Reproduce the lines below exactly, from the one containing "Кастрюля нержавеющая сталь" through the one containing "Wat er wel veel", both included. Leave out any pictures.
(Source data)
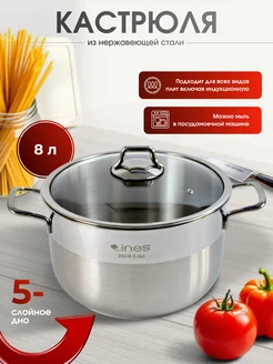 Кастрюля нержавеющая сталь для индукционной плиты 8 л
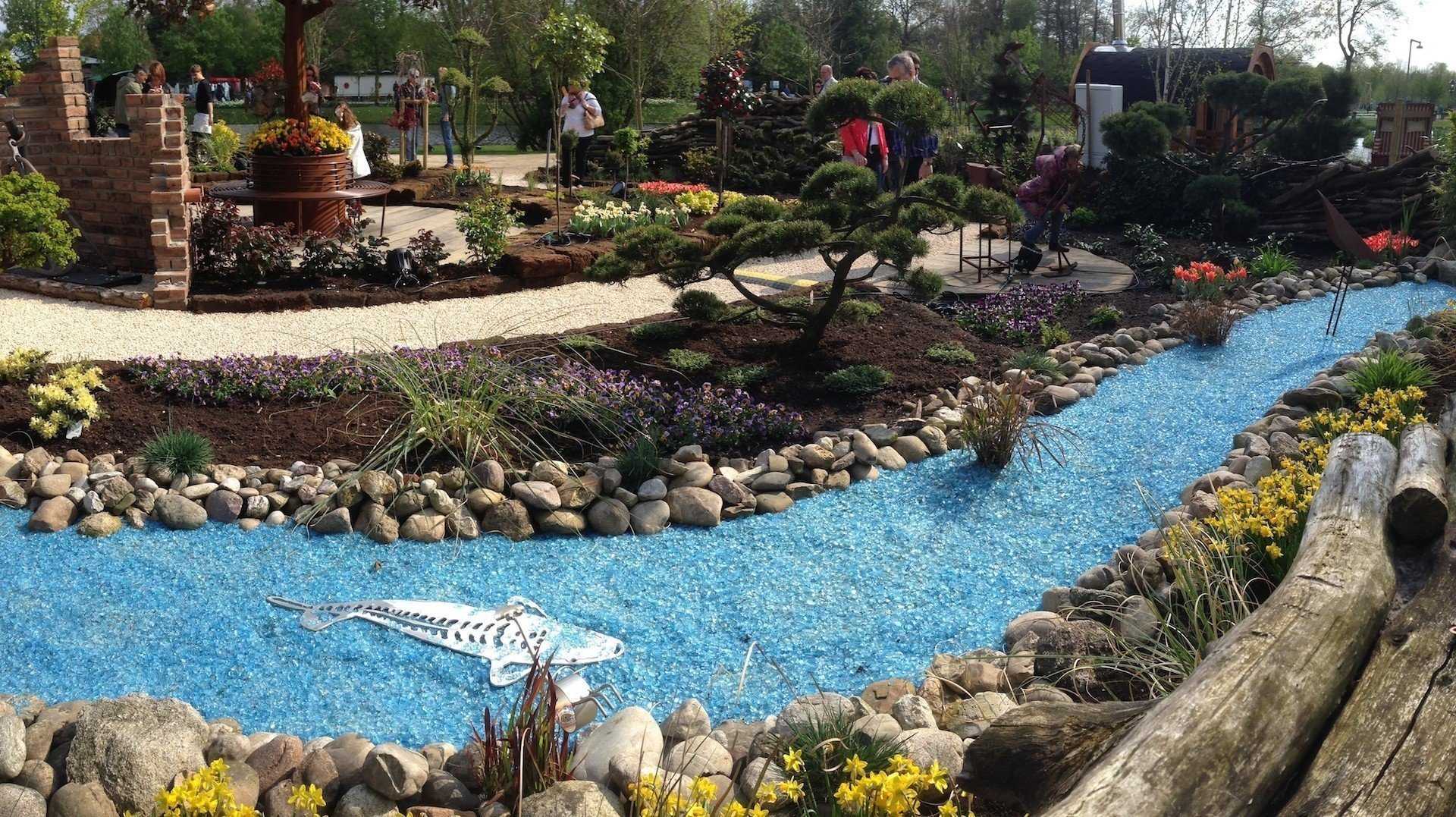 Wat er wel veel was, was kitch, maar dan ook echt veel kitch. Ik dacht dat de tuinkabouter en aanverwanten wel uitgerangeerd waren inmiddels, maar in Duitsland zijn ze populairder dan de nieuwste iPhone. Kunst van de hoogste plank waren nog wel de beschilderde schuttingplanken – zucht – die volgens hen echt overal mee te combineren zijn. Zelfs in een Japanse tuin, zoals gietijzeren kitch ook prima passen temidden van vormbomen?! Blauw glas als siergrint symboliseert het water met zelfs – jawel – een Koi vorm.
(End Source data)
(Source data)
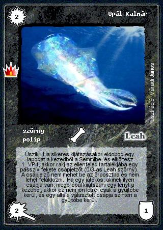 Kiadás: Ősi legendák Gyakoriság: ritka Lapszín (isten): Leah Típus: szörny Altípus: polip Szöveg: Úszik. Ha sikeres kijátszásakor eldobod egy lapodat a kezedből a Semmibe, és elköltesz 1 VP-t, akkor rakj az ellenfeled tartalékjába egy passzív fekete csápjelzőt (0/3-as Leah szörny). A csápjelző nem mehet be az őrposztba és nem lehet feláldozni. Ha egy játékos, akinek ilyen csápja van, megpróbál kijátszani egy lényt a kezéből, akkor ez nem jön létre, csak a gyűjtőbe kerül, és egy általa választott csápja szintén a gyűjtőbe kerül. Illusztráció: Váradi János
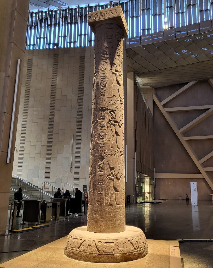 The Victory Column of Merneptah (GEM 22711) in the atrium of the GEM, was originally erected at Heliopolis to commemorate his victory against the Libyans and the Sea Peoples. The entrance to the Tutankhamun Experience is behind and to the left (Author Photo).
(End Source data)
(Source data)
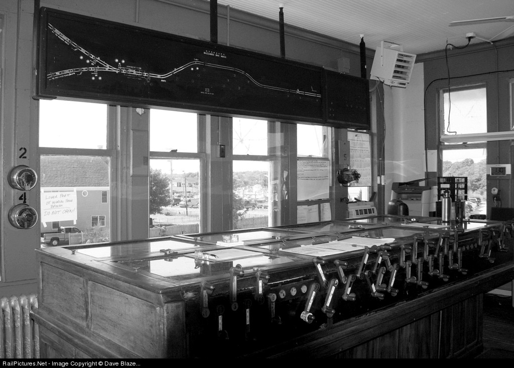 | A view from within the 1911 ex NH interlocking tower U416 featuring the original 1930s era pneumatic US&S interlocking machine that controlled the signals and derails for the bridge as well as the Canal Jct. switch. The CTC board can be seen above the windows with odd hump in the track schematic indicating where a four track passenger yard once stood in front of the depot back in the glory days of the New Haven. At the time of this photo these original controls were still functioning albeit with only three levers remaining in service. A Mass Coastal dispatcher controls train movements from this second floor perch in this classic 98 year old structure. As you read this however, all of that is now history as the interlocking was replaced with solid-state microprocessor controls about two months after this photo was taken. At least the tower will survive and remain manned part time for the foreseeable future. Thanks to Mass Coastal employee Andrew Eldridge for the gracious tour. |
(End Source data)
Reply
 Кастрюля нержавеющая сталь для индукционной плиты 8 л
 Wat er wel veel was, was kitch, maar dan ook echt veel kitch. Ik dacht dat de tuinkabouter en aanverwanten wel uitgerangeerd waren inmiddels, maar in Duitsland zijn ze populairder dan de nieuwste iPhone. Kunst van de hoogste plank waren nog wel de beschilderde schuttingplanken – zucht – die volgens hen echt overal mee te combineren zijn. Zelfs in een Japanse tuin, zoals gietijzeren kitch ook prima passen temidden van vormbomen?! Blauw glas als siergrint symboliseert het water met zelfs – jawel – een Koi vorm.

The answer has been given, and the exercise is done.